|Institution:||University of Patras|
|Keywords:||Semiconductor nanostructures; Effective mass approximation; Linear and nonlinear optical properties; Pseudopotential theory; Configuration interaction; 537.622 6; Νανοδομές ημιαγωγών; Προσέγγιση ενεργούς μάζας; Γραμμικές και μη γραμμικές οπτικές ιδιότητες; Μέθοδος ψευδοδυναμικών; Αλληλεπίδραση διαμορφώσεων|
|Full text PDF:||http://hdl.handle.net/10889/8431|
The goal of this Thesis is to study the electronic and optical properties of semiconductor nanostructures by employing different theories. The work present in this Thesis is divided into three parts. Part I is devoted to the effective-mass theory and its several applications. A general description of the effective mass theory and several ways of solving the effective-mass Schrodinger equation with an emphasis on the potential morphing method are given in the first chapter. In the following few chapters, we apply these theories in many realistic systems for the study of many properties.

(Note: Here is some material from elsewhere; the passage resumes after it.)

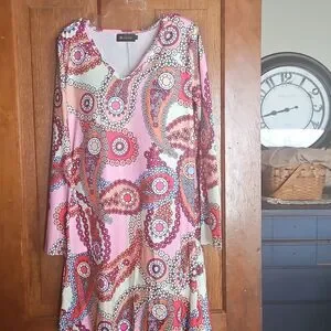 Stylish patterned dress in pink with intricate designs. Perfect for any occasion. This only comes with the dress.

They include: i) the binding energy of hydrogentic donor impurity in semiconductor quantum dots under the influence of static electric field and/or magnetic field, ii) the linear and nonlinear optical properties associated with intraband transitions in semiconductor quantum dots, core shell quantum dots and quantum-dot-quantum-ring systems. Part II is devoted to the pseudopotential theory and its several applications. The background theories primarily regarding to the empirical pseudopotential method and configuration interaction approach are described in the first chapter. In the following few chapters, we employ these theories for the study of the electronic and optical properties of many nanostructures of group II-VI materials. The optical properties studied herein include the band gap, Stokes shift, exciton fine structure, optical polarization and absorption spectra. Part III is devoted to the appendix, where twelve published papers are presented.